ComfyUI Extension: Wan22FirstLastFrameToVideoLatent for ComfyUI
This is a custom node for ComfyUI that can be used to generate videos from either a starting frame, an end frame or both; with the Wan2.2 5B model (which uses the new Wan2.2 VAE, unlike Wan 2.2 A14B model wich uses the old Wan2.1 VAE).
Custom Nodes (0)
README
Wan22FirstLastFrameToVideoLatent for ComfyUI
This is a custom node for ComfyUI that can be used to generate videos from either a starting frame, an end frame or both; with the Wan2.2 5B model (which uses the new Wan2.2 VAE, unlike Wan 2.2 A14B model wich uses the old Wan2.1 VAE).
Description
Wan22FirstLastFrameToVideoLatent is designed to be used just like the WanFirstLastFrameToVideo node in ComfyUI, with support for the Wan2.2 VAE.
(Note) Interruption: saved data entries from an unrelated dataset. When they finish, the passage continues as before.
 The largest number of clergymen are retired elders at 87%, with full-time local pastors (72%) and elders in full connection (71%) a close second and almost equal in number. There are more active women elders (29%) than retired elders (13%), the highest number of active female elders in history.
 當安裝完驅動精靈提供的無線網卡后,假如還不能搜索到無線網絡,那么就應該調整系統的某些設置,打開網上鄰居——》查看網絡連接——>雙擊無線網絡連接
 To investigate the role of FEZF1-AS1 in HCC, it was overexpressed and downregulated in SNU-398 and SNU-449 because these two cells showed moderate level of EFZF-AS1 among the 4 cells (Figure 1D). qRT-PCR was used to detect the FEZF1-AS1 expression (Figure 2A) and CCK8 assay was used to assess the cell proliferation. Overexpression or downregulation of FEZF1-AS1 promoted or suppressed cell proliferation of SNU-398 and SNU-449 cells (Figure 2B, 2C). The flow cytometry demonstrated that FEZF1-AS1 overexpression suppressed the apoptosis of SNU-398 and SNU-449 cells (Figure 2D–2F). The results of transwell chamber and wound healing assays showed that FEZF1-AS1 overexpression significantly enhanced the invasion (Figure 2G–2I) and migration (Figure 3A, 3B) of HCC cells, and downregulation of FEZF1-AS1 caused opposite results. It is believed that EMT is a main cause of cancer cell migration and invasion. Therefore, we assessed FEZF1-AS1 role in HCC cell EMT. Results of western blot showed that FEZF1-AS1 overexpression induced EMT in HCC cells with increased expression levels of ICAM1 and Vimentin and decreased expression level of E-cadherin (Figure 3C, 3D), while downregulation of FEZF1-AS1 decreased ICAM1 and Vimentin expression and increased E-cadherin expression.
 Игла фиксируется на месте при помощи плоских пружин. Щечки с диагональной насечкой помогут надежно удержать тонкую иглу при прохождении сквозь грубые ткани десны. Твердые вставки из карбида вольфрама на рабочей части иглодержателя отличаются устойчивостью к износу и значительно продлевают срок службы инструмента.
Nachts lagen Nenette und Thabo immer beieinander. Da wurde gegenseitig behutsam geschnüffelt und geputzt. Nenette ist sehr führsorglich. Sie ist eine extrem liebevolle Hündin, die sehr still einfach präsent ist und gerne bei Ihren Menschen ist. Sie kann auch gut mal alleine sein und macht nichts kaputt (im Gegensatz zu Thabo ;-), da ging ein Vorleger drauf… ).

There is also an alternative more experimental node called "Wan22FirstLastFrameToVideoLatent (Tiled VAE encode)" included in this extension. By using a tiled VAE, it significantly reduces the VRAM needed, making it more accessible for users with limited resources. I found it very useful for ComfyUI-zluda, since the VAE is particularly VRAM-hungry there. It can be used as a drop in replacement for the other node.
If you want to take adventage tiled VAE encoding for other Wan Img2Vid workflows, see here: https://github.com/stduhpf/ComfyUI--WanImageToVideoTiled
Installation
To install this node, follow these steps:
- Clone this repository into your ComfyUI custom nodes directory.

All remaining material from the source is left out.